_ENTRIES SHOWN_.
━━━━━━

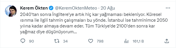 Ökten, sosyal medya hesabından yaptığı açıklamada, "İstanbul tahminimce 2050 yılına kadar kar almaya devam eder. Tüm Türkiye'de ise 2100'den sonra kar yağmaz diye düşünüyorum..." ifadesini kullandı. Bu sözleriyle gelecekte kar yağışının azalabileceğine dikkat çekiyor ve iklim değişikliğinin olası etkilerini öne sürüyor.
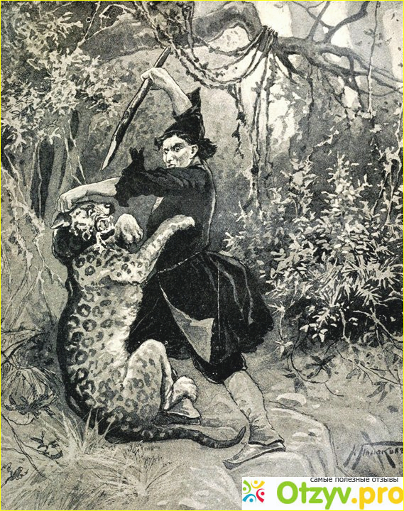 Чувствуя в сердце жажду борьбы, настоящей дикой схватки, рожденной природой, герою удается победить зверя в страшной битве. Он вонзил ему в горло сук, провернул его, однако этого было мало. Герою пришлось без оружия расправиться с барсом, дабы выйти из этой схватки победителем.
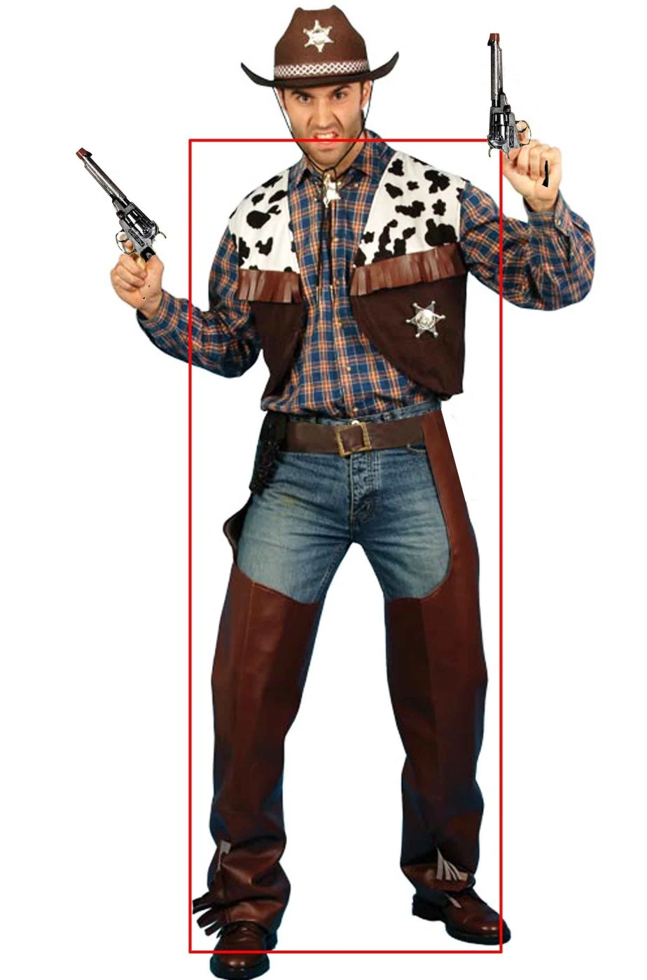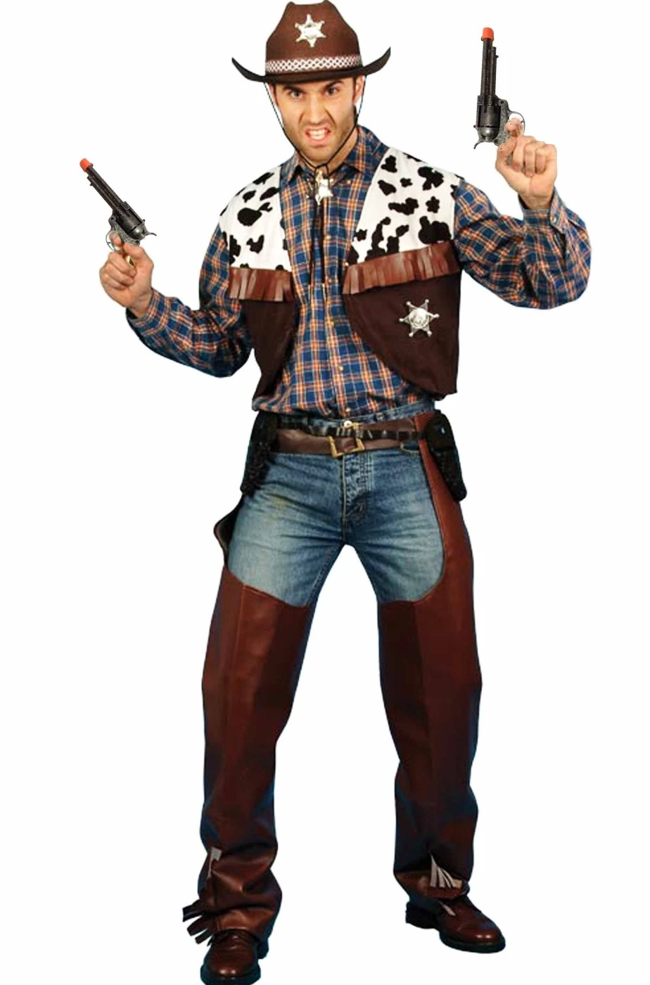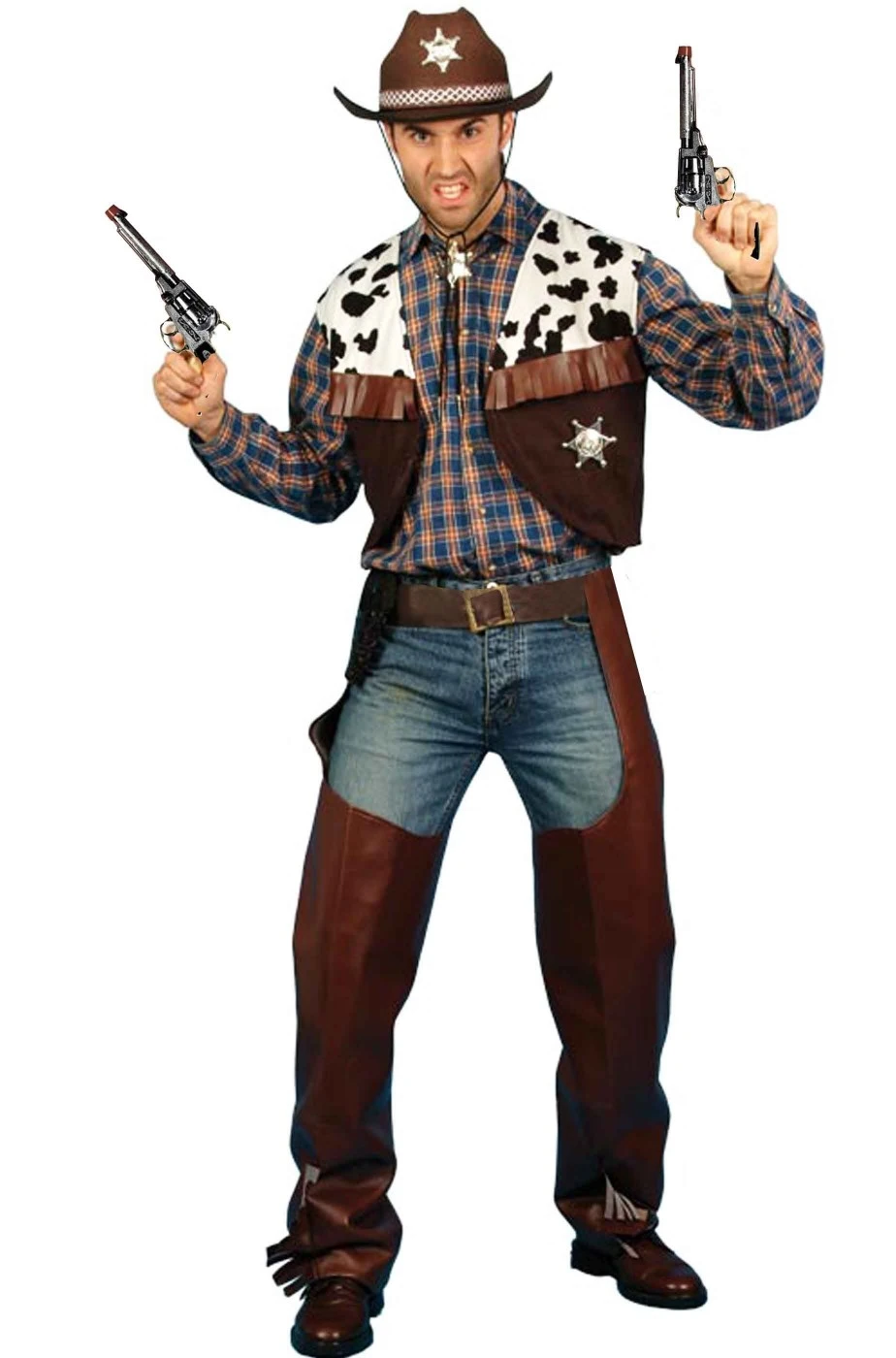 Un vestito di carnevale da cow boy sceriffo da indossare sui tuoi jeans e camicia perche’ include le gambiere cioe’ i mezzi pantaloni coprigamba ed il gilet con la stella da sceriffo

━━━━━━

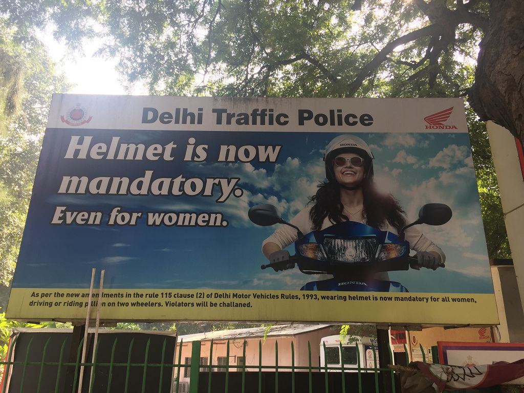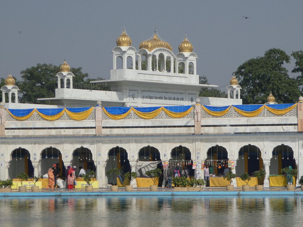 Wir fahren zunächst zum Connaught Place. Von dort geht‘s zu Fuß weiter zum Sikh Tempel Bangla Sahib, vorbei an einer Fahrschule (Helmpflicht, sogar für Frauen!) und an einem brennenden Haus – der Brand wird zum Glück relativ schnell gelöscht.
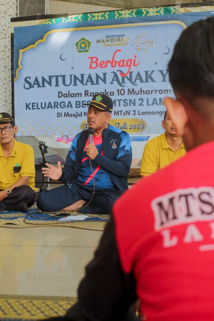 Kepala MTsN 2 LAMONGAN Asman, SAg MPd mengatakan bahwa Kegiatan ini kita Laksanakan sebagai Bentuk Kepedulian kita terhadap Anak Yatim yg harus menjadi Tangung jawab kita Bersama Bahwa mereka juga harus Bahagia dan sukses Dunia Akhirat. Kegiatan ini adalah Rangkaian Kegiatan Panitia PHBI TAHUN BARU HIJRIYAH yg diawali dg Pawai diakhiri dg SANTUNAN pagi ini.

━━━━━━

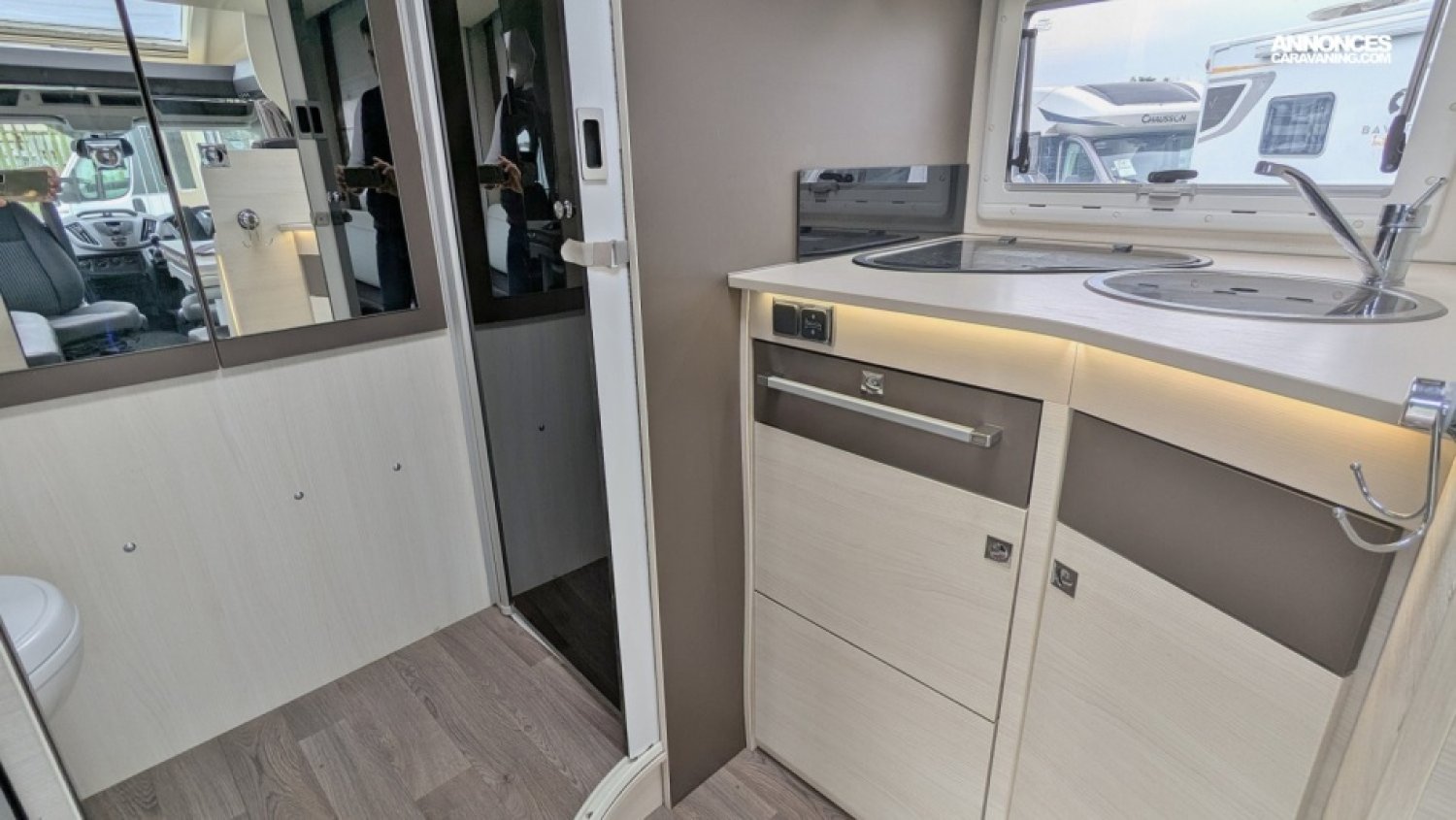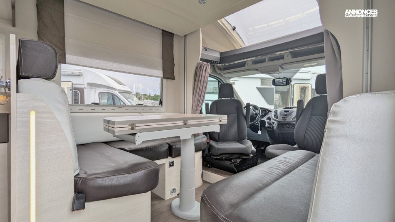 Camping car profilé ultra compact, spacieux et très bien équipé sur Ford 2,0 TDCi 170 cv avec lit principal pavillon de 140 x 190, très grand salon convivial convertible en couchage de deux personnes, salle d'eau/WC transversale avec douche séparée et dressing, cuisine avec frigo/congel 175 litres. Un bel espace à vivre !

━━━━━━

_WHAT TO PRODUCE_.
From the listing above, repeat only the lines between the line containing "Чувствуя в сердце" and the line containing "Un vestito di", those two included. Pictures are not part of the copy.

_EXPECTED OUTPUT_.
 Чувствуя в сердце жажду борьбы, настоящей дикой схватки, рожденной природой, герою удается победить зверя в страшной битве. Он вонзил ему в горло сук, провернул его, однако этого было мало. Герою пришлось без оружия расправиться с барсом, дабы выйти из этой схватки победителем.
 Un vestito di carnevale da cow boy sceriffo da indossare sui tuoi jeans e camicia perche’ include le gambiere cioe’ i mezzi pantaloni coprigamba ed il gilet con la stella da sceriffo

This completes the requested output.